Data, open data, and the stuff at the back of your filing cabinet
Every year research projects finish, and doctoral and master’s students graduate. In the vast majority of cases, the data generated during the research then becomes inaccessible. This is either because the main student affiliated with the data loses that affiliation (and sometimes even access to the data) or that the professor who supervised the project has moved on. Even if that is not the data’s fate, only in the rarest of cases are datasets properly archived in a manner that someone other than the researchers directly involved in producing the research can actually use it. This raises the question of so what? In the case of data reuse, the “so what?” is actually a pretty big one.
First, science budgets for research are generally shrinking. Second the number of researchers competing for those funds has greatly expanded, as even many of the most modest teaching colleges are being pressured to conduct research. Consequently, the available funds per researcher are becoming ever scarcer. Third, the cost of doing the research only increases each year (e.g. overheads, tuition charges, recharge rates on equipment). Fourth, most science follows some form of continuum. Thus, good datasets are needed to validate new techniques, calibrate computer models, and show comparative progress. Nowhere is this easier than when there is either a classic, closed-form solution for a problem or a set of data/tests against which the community benchmarks itself. So given the shrinking pie of research funds, archiving and distributing datasets becomes critical to move the field forward in a timely manner, especially for new and younger researchers who may not yet have large research grants.
So while it may be obvious why a scholarly community wants to preserve, archive, and make accessible its data, the benefits for individual researchers may not be as well articulated. Most researchers who are currently making their data accessible are doing so because it is (1) a grant requirement (2) an institutional policy, or (3) is seen as good public relations, with most researchers responding with resigned compliance in the spirit of “you should eat your vegetables, because they are good for you”. While all of this may be true, I believe it is the wrong attitude with which one such undertake this work.
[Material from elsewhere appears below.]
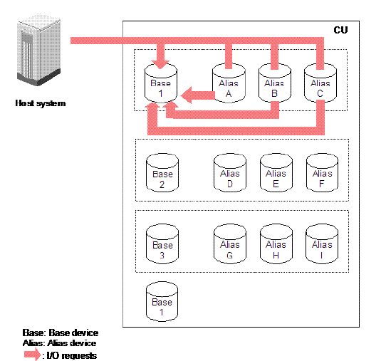 base device 1 by using Compatible PAV, I/O requests will be issued to the alias device A, B or C

Publishing your data has an enormous professional upside. The act shows your academic peers the complexity, diversity, and/or progression of your work and validates ownership in a way that publishing a paper cannot not necessarily do. Making your data available to others is simply a good business model, as it attracts collaborators and may provide new insights as others bring their own training and skill sets to the analysis of your data. Publishing your data has other benefits. Foremost it creates a permanent record of the data that you as the researcher are not necessarily responsible for maintaining. Next, sharing data when done with those around you fosters collegiality and builds resources through the synergy of combined/layered data sets; in many ways the field of epidemiology has always worked this way. Data sharing also forces the timely usage of our own data – we are all guilty of having at least a small treasure trove of data that has never been analysed, to so nothing of published. Pushing our data out into the public realm simply forces us to up our game a bit and to extract promptly all of the benefits of the work we have already done, instead chasing that next bit of money and starting some new. Finally, the newest (and possibly most personally important) reason to publish data is that the datasets can now be archived and cited with their own digital object identifiers (same as those assigned to a paper). This is done through organizations such as Datacite. Thus, when other researchers use your data, you should be able to start collecting citations on the published datasets.
Regardless of the motivation, the mechanisms for publishing are fairly limited. In addition to Datacite, the basic storage options are as follows: (1) selectively linked data (e.g. open access journal); (2) investigator’s home page; (3) investigator’s institutional repository; and (4) professional organization repository. Another less long-term but rather high impact means of dissemination is to offer your datasets as the basis for academic contests (student and otherwise) that are regularly held at many conferences. This is usually done by approaching a conference chair or steering committee and proposing a track of papers that would be the output of the contest results. In that way, your are perceived as the expert and you entice others to use your data in ways that you think are most appropriate. This is done by both setting the contest tasks and predefining the metrics by which it will be judged.
For over a decade, scholars at top institutions worldwide have been discussing the need to permanently archive (not just store) research datasets and the challenges associated with such storage (e.g. space, multi-mode indexing, mixed data granularity, widely varying file types, the simultaneous presence of two-dimensional, three-dimensional, and four-dimensional data, plus versioning control, and trust-worthiness). I believe, however, that with the help of the computer science community most of those issues will eventually sort themselves. What is, however, still needed is a major paradigm shift in thinking about datasets as highly valuable outcomes in and of themselves. Perhaps the next Google foray will be “Google data”. Happy archiving.